"Ahh birtanem, keşke şimdi gözlerini açabilsen ve her şey yoluna girse." Ben zaten uyanığım ve seni duyabiliyorum! Tıpkı bir ölü gibi hareketsiz yatıyordu Berrak. Herkes onun için sonun geldiğine inanıyordu. Biri hariç...
Berrak dünyaca ünlü bir modeldi, kıskanılacak bir hayatı vardı. Ve bir gece trafik kazası geçirdi. Kendine geldiğinde dört gün geçmişti, her şeyi duyabiliyordu ama kimse bunun farkına varmıyordu. Bir süre sonra garip, psişik bir güç keşfetti zihninin karanlıklarında...
Ve ardından kapılar aralandı... büyük ihanetler aydınlandı..
Meltem Lian Özüt, 7 Mayıs 1985 yılında İstanbul'da doğmuştur. 2008-2010 yılları arasında hostes olarak görev aldı. Bu deneyim, sayısız ülkeye gitmesi, farklı tatları denemesi, hiç görmediği şehirleri gezmesi ve kültürleri tanıması ona çok şey kattı. Yazılarının konusunu, karakterlerinin nasıl olacağını ve kurgusunun nasıl gelişeceğini başından sonuna kadar rüyasında görmesini ona verilmiş bir yetenek olduğunu düşünüyor.
Kitap, birkaç olumsuzluğu dışında beklediğimden iyiydi aslında. Kurgu başarılıydı. Karakterlerin, olayların, mekanların, vs. betimlenmesinde bir eksiklik yoktu. Aksiyon ve heyecan ortalarda biraz düşse de daha sonra toparlandı. Belki son kısımlar, bu yaşanmışlıkların ağırlığına kıyasla biraz toz pembe kalmış olabilir; ama o kadarına da takılmıyorum.
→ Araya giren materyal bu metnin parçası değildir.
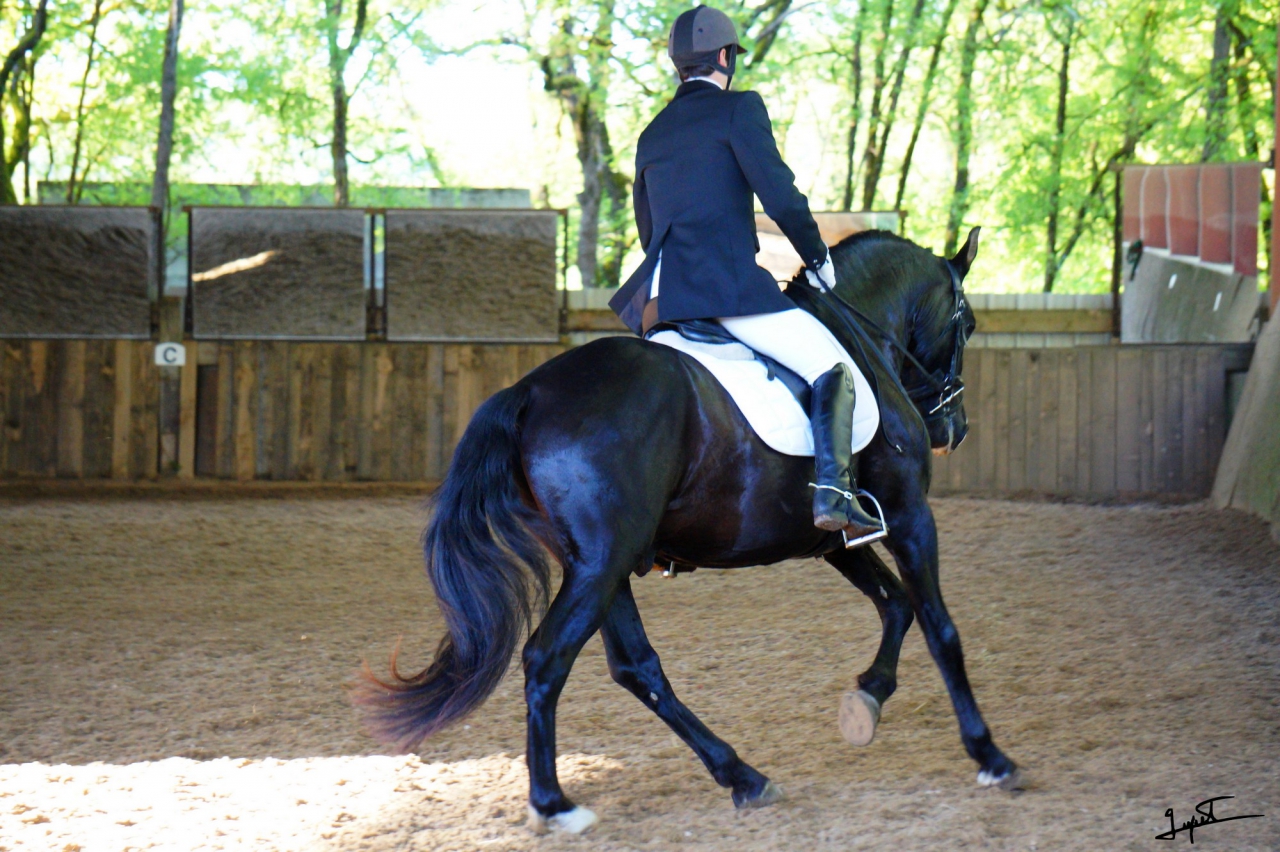 | Dire merci | Bonjour bonjour! Commençons ce topic-fleuve par une petite présentation des protagonistes ![]() Akanto, dit « poulichon », jeune étalon PRE noir né le 19 mars 2010 d’Ebanisto 6 et Nocturna XIII, à l’élevage Rozière. Un "pti jeune" aux multiples adjectifs, dont on retiendra particulièrement celui-ci : «calme ». Posé, réfléchi, c’est un élève modèle, quoique très gourmand. A côté de nos sorties "loisir" (il est labellisé Elite Loisir junior et monté, et on commence le TREC), Akanto commence le dressage de façon un peu plus sérieuse avec un cavalier, et commence à avoir des résultats très encourageants On fera d'ailleurs la finale européenne des MCI en novembre prochain en Belgique! Mais le gros de son emploi du temps, c'est de vivre au pré avec ses juments, une vraie vie de famille... ![]() Ma première jument, c'est Lebrera XXXVI, jument PRE PP née en 1999. Je la connaissais avant Akanto, j'ai failli réserver son poulain 2010, mais les aléas de la vie on fait que.... et puis la chance aidant, j'ai pu la racheter en 2012 car je rêvais d'un poulain d'elle, qui plus-est avec Akanto! Elle est la mère d'Eléio et de Falcon d'Auréa (né le 7 juillet 2015). ![]() Et le petit Falcon, surnommé Bambi ![]() ![]() Vient ensuite Eléa, jument de race Schwarzwalder née en 2007, une race de demi traits allemande (Forêt Noire). Eléa m'a été confiée par sa propriétaire pour une durée indéfinie, c'est une splendide jument, championne de M&A dans sa race et mère de champions également elle est très douce et caline Elle est la mère d'Elégie d'Auréa, née le 13 mai 2014, et de Faline d'Auréa, née le 3 juillet 2015. ![]() La petite Faline, à l'image de sa robe....elle a le feu! ![]() Enfin, Nikita (PRE baie, demi soeur de Lebrera par le père) et sa fille Féérie nous ont rejoint au cours de l'été, pour un poulain avec Akanto en juin 2016 ![]() Sans oublier Vicky, qui nous a quitté brutalement le 12 avril 2015.... Mon premier cheval, que j'ai rencontré 18 ans auparavant, dont j'ai rêvé d'être la propriétaire pendant 8 ans, et ce rêve s'est réalisé, durant les 8 dernières années, il m'a suivi à Lyon, en Alsace, et à Toulouse, où il a fini ses jours, entourés de sa "famille", toujours beau, toujours fier, un cheval exceptionnel, un sacré carafon mais incroyablement gentil et tolérant.... mon « vieux beau » qui me manque.... Lien ![]() Voici donc les chevaux qui composent mon jeune élevage, l'élevage d'Auréa.... à suivre au fil des pages... Lien Message édité le 23/12/15 à 11:57 Message édité le 01/01/16 à 22:03 |

Kitabın tek büyük sorunu, bana göre, türündeki belirsizlikti. Böyle bir değişikliğin olacağına dair ipuçları kitabın tanıtım yazısında yer alsaydı, daha iyi olabilirdi. Sınırları belirleyip beklentimi ona göre ayarlardım ben de ve kitaptan daha çok keyif alırdım. Yine de, İhanetini Fısılda umduğumdan iyi çıktığı için mutluyum :) Bir de bu kitap, sanırım yazarın ilk kitabı; bunu da göz önüne alacak olursam yazarın iyi bir iş çıkardığını düşünüyorum ^_^
Kadınlar Günü yaklaşırken Kitap Kedisi Reading Challenge 2016’nın 10’uncu maddesi olan “Daha önce okumadığınız bir Türk kadın yazar” maddesini tamamlayayım dedim. Aranmaya vaktim olmadığı için de rafımda okunmayı bekleyenlerden seçeyim dedim ve işte böyle çıktı karşıma Meltem Lian Özüt’ün İhanetini Fısılda…
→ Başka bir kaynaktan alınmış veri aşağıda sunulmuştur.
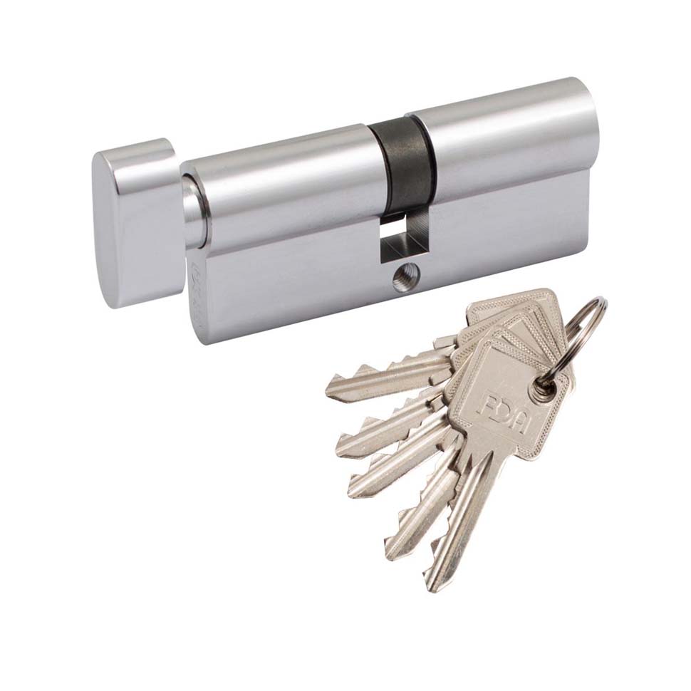 / Cylinder RDA 35/35mm english key 70mm 5 key square knob Leštený chróm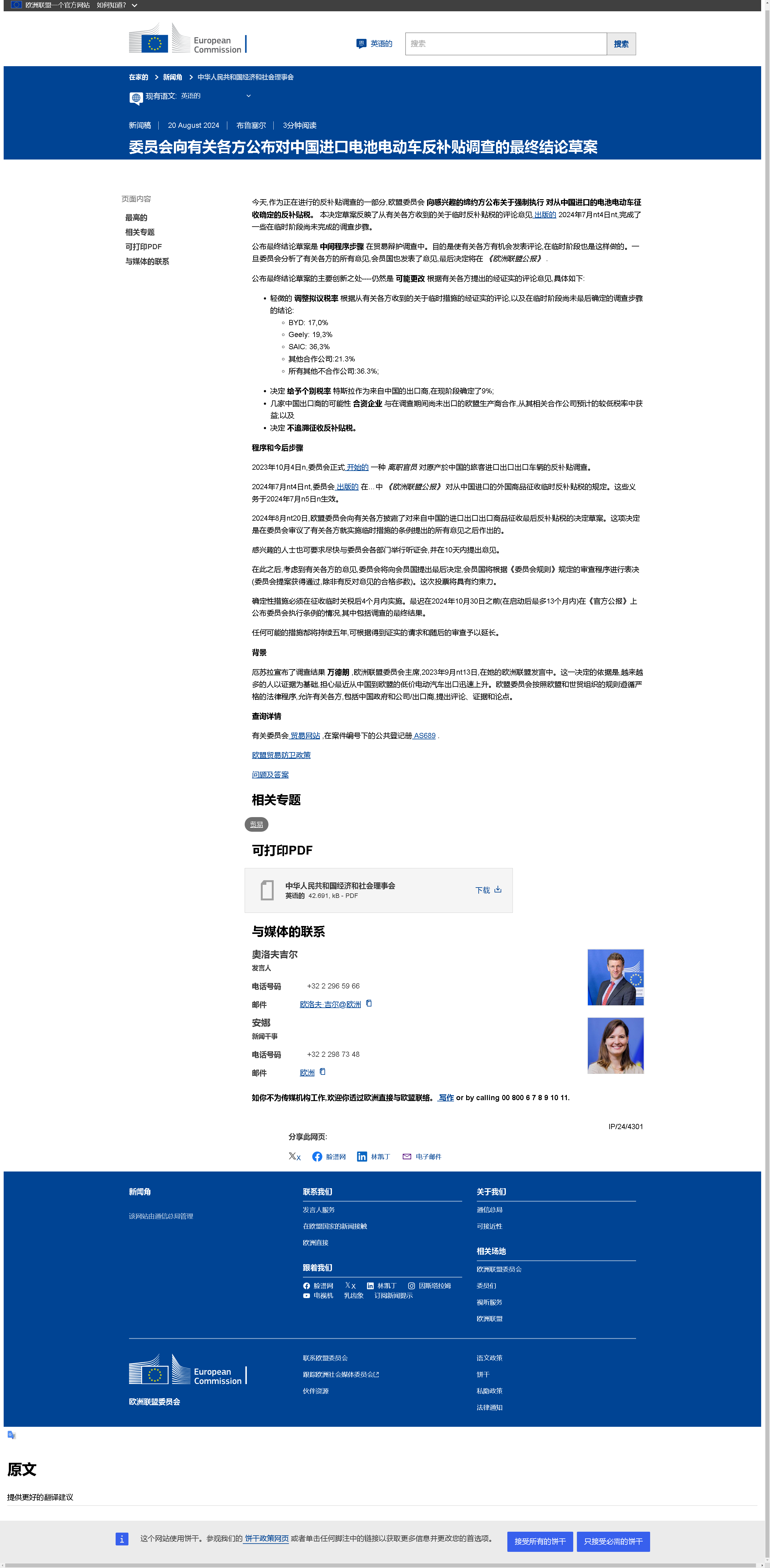 據(jù)央視新聞消息,當?shù)貢r間8月20日 ,歐盟委員會(下稱“歐委會”)向相關(guān)方披露了對從中國進口的純電動汽車征收最終反補貼稅的決定草案。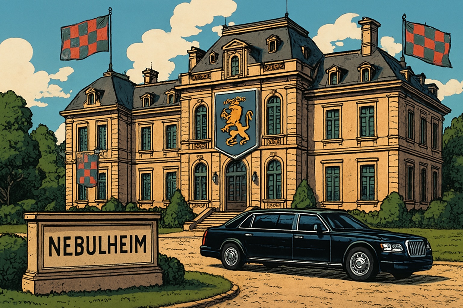 Po jakimś czasie kolumna dotarła do Pałacu Arcyksięcia w Nebulheim, miejsca gościny i balu rocznicowego. Przed głównym wejściem widać było straż dworską w paradnych mundurach Teutonii oraz podświetlone godła Teutonii, Dreamlandu.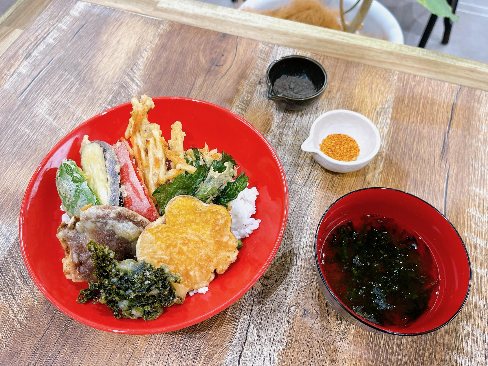 熟練の和食料理人が味の研究を重ね、鶏肉などの動物性原材料を一切使用せず、昆布出汁、胡麻、豆乳などで仕上げた「鹿児島の季節の彩り野菜と濃厚ごま豆乳の薬膳スープ膳」。奄美大島の郷土料理であり、おもてなしの食事として手間暇をかけてつくられている鶏飯と同じスタイルです。ご飯をトッピングで彩り、味わい深いスープをたっぷりかけて召し上がれ。

“56 gün ölümün gölgesinde,” komada kalan Berrak isimli mankenin hikayesi İhanetini Fısılda… Kulağa ilginç geliyor, kitabın ilk başları da ilginç geliyor çünkü komada olduğu ve durumu ağır olduğu için hiç kimse emin değil başında konuştuklarında kendilerini duyup, duymadığından. Halbuki Berrak her şeyi duyuyor, kokuları alıyor, bakış açısında olanları görebiliyor. İşte zaten biraz da böyle çıkıyor ihanetler ortaya. Annesi yanına geç gelmesi yetmezmiş gibi bir de işim var diye başından ayrılıp gidiyor. Babası zaten yine işleri yüzünden hiç gelememiş. Abisi deseniz, o da yanında az kalıp yine işlerinin başına dönüyor. Berrak kızımız, ailesi açısından bahtsız yani anlayacağınız. Ancak arkadaşları açısından daha da bahtsız, inanın.
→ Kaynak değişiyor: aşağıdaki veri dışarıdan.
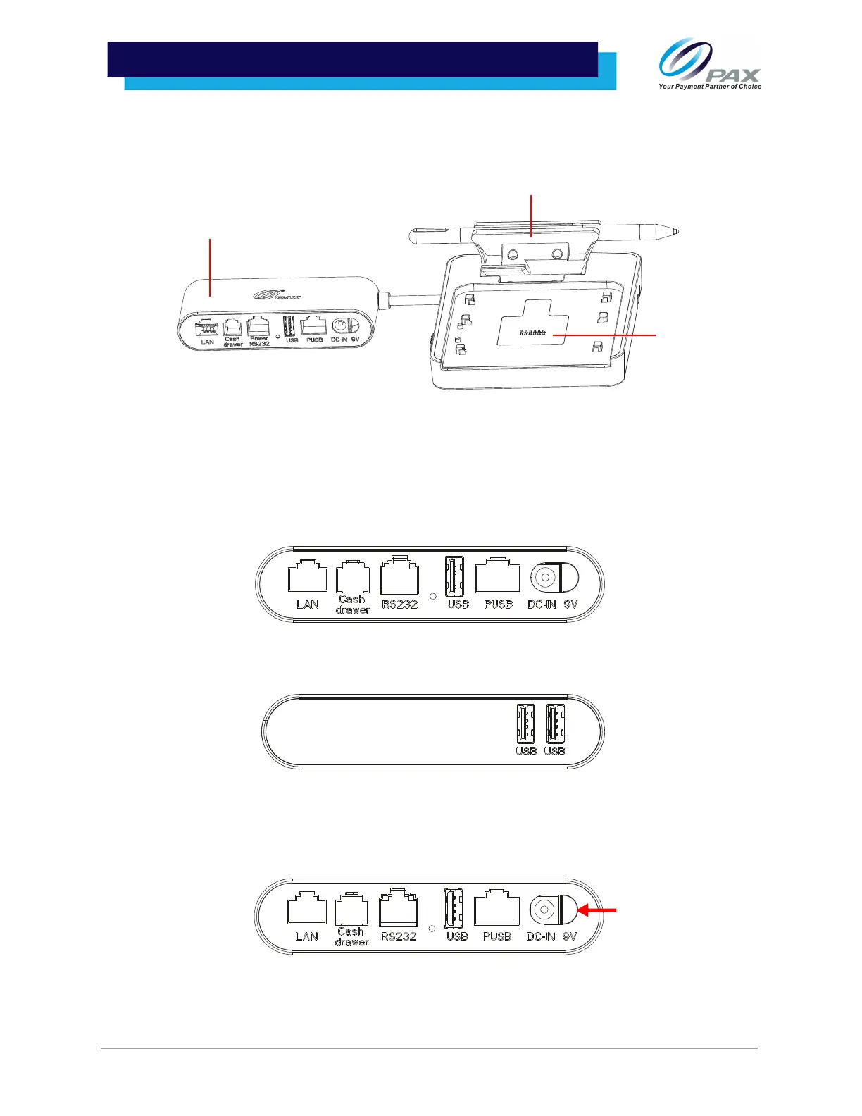 ports: LAN, Cash Drawer, Power (RS232), USB, PUSB, and DC-IN 9V.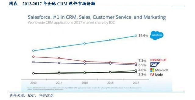 从 CRM 领域来看,Salesforce 的市场占有率接近 20%,并且不断提升,呈现强者恒强的趋势。IDC 数据显示,自2013 年以来,Salesforce 连续五年蝉联全球 CRM 市场第一,并且市场份额持续提升,2017 年 Salesforce 的市场占有率达到 19.6%,超过位居第二、三、四名的 Oracle、SAP 和微软的市场份额之和。与此同时,老牌的 CRM 厂商 Oracle和 SAP 的市场份额却处于持续下滑中。有分析认为,在 SaaS 快速发展的浪潮下,Salesforce 的市场份额有望继续提升。

Diğer yandan Berrak’ı küçüklüğünden, mahalleden tanıyan, şimdiye kadar da onun kariyerini takip eden Bora doktor var. Onun Berrak’a anlattıkları, bir nevi ilan-ı aşk edişi, Berrak bunları dışına vuramasa da içinde hissettikleri, söyledikleri var… Komadaki bir insanın monologu ilginç olur diye düşünebilirsiniz ama o da insan ve sürekli “ben” odaklı bir şekilde konuştuğu ve düşündüğü için gerçekten baydım bazı bölümlerde.
Bunlara ek olarak, kitabın ortalarından itibaren tuhaf şeyler de olmaya başlıyor. Mesela Berrak, kendinde olduğunu belli edemiyor olsa da bazen ona dokunan hemşireyi ve/veya arkadaşlarını çarpabiliyor. Sonra, Bora ve Berrak aynı rüyayı görerek orada buluşuyor. Bu bana paranormal bir şey değil de, daha çok son zamanlarda giderek popülerleşen kuantum düşünce tarzının bir uzantısı gibi göründü. Öyle mi, değil mi, bir bilene sormak lazım tabii.